#### [INSTRUCTIONS FOR THE TASK]
All pictures are to be omitted while the lines starting at the line with "ユニ・チャーム 銀のスプーン 三ツ星グルメ" and ending at the line with "قال الحافظ العلامة" in the material below are retyped exactly, both ends included.

#### [RECORDS FOR THE EXERCISE]
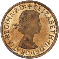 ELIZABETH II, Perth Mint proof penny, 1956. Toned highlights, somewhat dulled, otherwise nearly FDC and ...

* * *

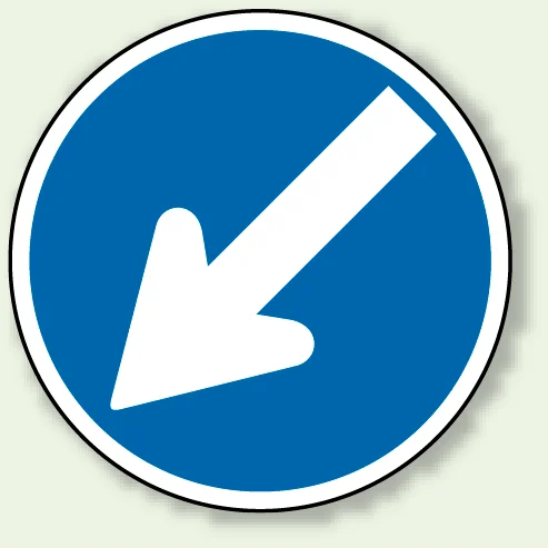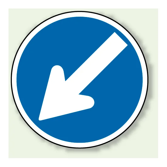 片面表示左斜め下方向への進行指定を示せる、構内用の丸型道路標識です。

...

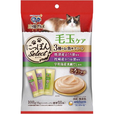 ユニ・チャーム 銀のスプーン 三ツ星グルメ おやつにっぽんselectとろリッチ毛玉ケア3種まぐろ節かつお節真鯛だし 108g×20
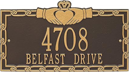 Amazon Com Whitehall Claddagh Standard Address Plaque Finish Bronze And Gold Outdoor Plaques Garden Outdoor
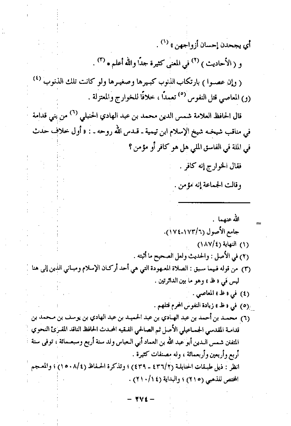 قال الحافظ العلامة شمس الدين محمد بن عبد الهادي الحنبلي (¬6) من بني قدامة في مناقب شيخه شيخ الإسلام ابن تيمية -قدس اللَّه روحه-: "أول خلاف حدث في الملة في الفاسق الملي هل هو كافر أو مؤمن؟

#### [RESULT OF THE EXERCISE]
 ユニ・チャーム 銀のスプーン 三ツ星グルメ おやつにっぽんselectとろリッチ毛玉ケア3種まぐろ節かつお節真鯛だし 108g×20
 Amazon Com Whitehall Claddagh Standard Address Plaque Finish Bronze And Gold Outdoor Plaques Garden Outdoor
 قال الحافظ العلامة شمس الدين محمد بن عبد الهادي الحنبلي (¬6) من بني قدامة في مناقب شيخه شيخ الإسلام ابن تيمية -قدس اللَّه روحه-: "أول خلاف حدث في الملة في الفاسق الملي هل هو كافر أو مؤمن؟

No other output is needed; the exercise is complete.